→ **HOW TO COMPLETE THIS TASK**
The span to repeat in the listing below runs from the line containing "活动第二项,全体党员起立合唱" to the line containing "Gentry Home Berkeley", inclusive. Repeat it exactly, and only it.

═══ EXTRACTED MATERIAL ═══

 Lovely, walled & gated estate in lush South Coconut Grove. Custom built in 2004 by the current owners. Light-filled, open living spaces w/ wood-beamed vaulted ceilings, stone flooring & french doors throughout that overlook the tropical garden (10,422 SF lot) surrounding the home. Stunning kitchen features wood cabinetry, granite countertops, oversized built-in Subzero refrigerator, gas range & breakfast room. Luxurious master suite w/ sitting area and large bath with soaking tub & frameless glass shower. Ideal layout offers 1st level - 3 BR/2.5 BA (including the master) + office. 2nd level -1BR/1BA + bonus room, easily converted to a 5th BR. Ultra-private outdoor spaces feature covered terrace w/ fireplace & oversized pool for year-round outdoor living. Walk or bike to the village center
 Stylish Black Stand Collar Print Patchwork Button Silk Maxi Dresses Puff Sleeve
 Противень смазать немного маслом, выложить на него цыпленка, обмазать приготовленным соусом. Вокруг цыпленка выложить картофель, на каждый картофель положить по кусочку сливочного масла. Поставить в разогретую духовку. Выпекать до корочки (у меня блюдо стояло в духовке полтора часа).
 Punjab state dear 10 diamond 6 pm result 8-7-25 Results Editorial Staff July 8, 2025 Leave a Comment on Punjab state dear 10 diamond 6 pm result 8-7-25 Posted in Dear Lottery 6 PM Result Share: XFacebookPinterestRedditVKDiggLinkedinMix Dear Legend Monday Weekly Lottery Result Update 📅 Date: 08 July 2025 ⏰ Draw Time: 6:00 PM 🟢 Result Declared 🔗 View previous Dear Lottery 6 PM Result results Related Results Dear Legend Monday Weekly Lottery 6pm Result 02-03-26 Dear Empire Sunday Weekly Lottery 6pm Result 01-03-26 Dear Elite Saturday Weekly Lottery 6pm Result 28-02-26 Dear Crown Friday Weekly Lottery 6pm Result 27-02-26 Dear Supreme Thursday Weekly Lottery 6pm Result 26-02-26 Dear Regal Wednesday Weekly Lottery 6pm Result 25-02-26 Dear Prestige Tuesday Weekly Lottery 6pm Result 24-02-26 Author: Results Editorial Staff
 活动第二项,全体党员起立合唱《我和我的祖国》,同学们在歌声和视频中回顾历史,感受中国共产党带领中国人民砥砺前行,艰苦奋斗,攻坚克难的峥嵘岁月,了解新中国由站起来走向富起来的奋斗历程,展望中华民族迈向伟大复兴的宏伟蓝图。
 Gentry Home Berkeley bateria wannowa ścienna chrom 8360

═══
═══ EXTRACTED MATERIAL ═══

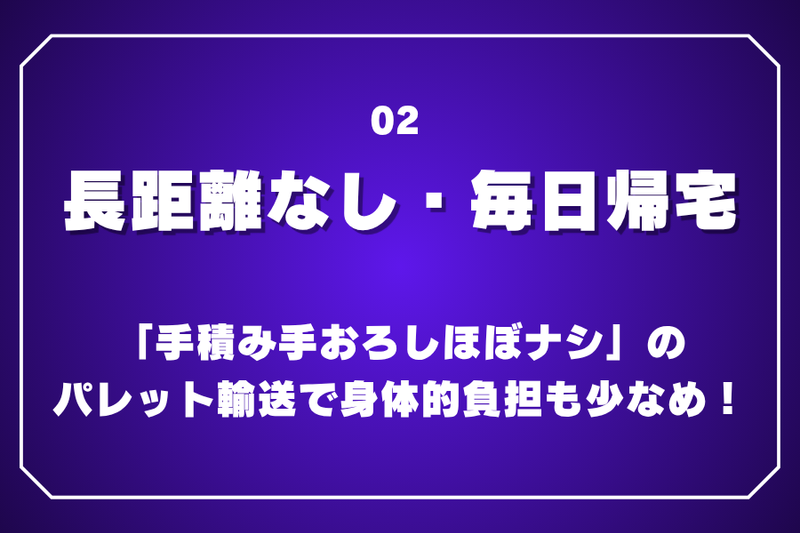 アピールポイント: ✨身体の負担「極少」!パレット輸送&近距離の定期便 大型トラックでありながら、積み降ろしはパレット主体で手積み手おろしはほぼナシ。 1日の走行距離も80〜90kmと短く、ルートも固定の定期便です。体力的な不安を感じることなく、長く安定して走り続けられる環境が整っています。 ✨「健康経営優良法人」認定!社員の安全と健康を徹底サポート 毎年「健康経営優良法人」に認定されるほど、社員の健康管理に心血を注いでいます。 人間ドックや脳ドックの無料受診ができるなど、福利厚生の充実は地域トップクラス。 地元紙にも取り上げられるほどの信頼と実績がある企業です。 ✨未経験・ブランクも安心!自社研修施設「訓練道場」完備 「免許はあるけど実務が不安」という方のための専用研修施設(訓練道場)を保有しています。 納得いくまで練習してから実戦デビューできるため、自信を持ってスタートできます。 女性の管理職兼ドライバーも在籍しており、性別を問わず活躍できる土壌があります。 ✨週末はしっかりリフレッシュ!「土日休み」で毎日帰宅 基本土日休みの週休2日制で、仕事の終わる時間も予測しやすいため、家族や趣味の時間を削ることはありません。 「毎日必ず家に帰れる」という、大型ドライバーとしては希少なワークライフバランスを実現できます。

═══

→ **REPLY TO THE TASK**
 活动第二项,全体党员起立合唱《我和我的祖国》,同学们在歌声和视频中回顾历史,感受中国共产党带领中国人民砥砺前行,艰苦奋斗,攻坚克难的峥嵘岁月,了解新中国由站起来走向富起来的奋斗历程,展望中华民族迈向伟大复兴的宏伟蓝图。
 Gentry Home Berkeley bateria wannowa ścienna chrom 8360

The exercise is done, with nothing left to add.